• [About this task]: Give every line of the data again, unchanged, but with no pictures.

#### Supplied material

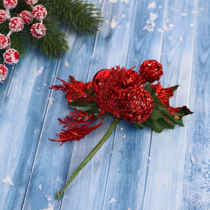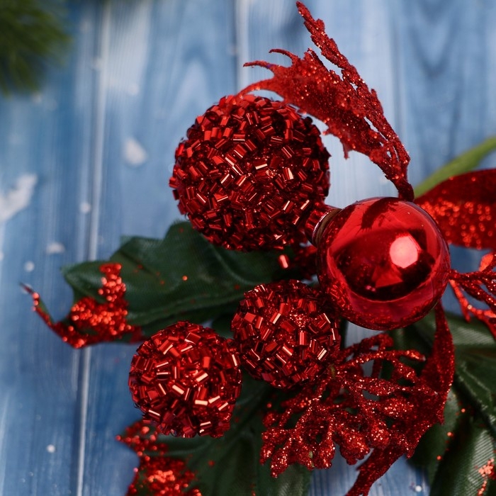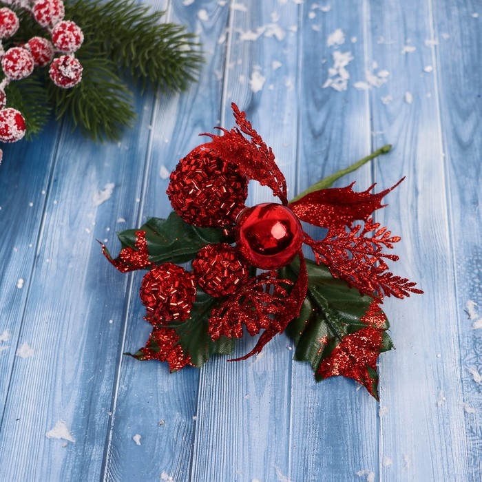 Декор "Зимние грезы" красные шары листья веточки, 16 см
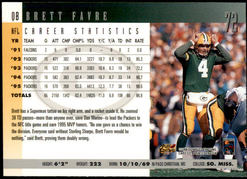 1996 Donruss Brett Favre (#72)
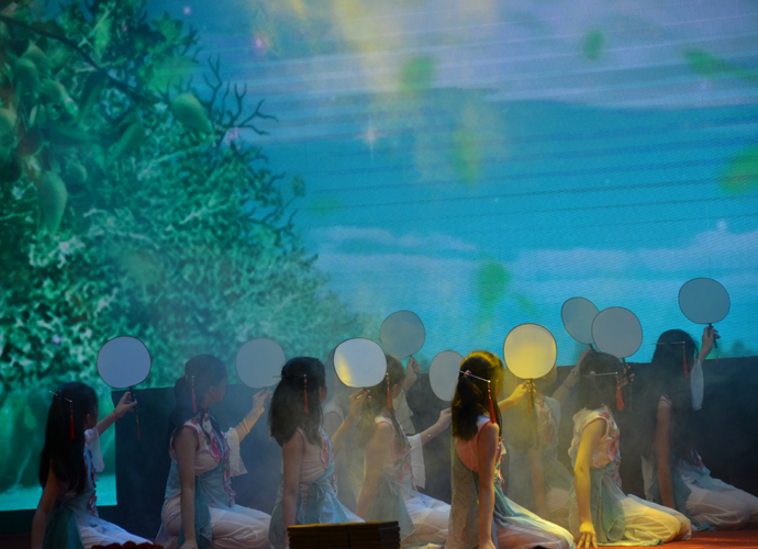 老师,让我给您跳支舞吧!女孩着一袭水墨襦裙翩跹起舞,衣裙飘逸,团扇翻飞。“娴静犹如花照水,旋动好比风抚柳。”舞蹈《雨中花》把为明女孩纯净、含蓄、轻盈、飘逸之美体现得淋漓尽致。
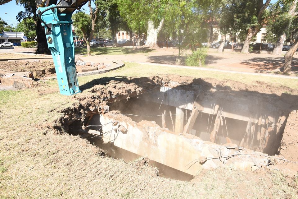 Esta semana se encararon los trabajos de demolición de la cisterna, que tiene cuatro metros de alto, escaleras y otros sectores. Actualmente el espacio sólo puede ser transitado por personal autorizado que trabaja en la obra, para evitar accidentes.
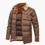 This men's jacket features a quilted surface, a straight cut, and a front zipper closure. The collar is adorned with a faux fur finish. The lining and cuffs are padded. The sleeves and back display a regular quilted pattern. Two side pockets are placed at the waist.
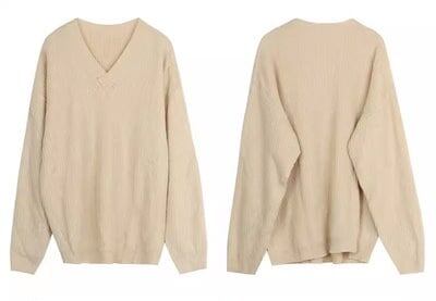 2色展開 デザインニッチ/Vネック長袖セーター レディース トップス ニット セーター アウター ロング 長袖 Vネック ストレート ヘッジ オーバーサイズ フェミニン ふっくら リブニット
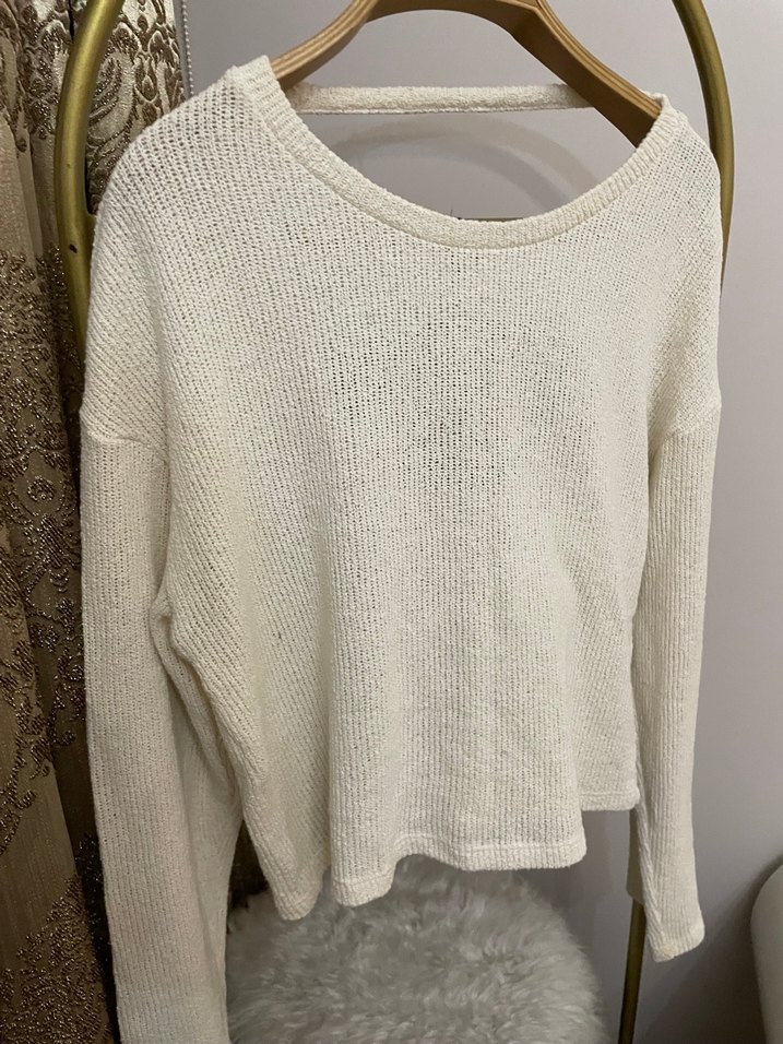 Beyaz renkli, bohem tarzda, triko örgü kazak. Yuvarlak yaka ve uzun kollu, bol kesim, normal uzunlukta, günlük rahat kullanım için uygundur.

########

• [Task solution]:
 Декор "Зимние грезы" красные шары листья веточки, 16 см
 1996 Donruss Brett Favre (#72)
 老师,让我给您跳支舞吧!女孩着一袭水墨襦裙翩跹起舞,衣裙飘逸,团扇翻飞。“娴静犹如花照水,旋动好比风抚柳。”舞蹈《雨中花》把为明女孩纯净、含蓄、轻盈、飘逸之美体现得淋漓尽致。
 Esta semana se encararon los trabajos de demolición de la cisterna, que tiene cuatro metros de alto, escaleras y otros sectores. Actualmente el espacio sólo puede ser transitado por personal autorizado que trabaja en la obra, para evitar accidentes.
 This men's jacket features a quilted surface, a straight cut, and a front zipper closure. The collar is adorned with a faux fur finish. The lining and cuffs are padded. The sleeves and back display a regular quilted pattern. Two side pockets are placed at the waist.
 2色展開 デザインニッチ/Vネック長袖セーター レディース トップス ニット セーター アウター ロング 長袖 Vネック ストレート ヘッジ オーバーサイズ フェミニン ふっくら リブニット
 Beyaz renkli, bohem tarzda, triko örgü kazak. Yuvarlak yaka ve uzun kollu, bol kesim, normal uzunlukta, günlük rahat kullanım için uygundur.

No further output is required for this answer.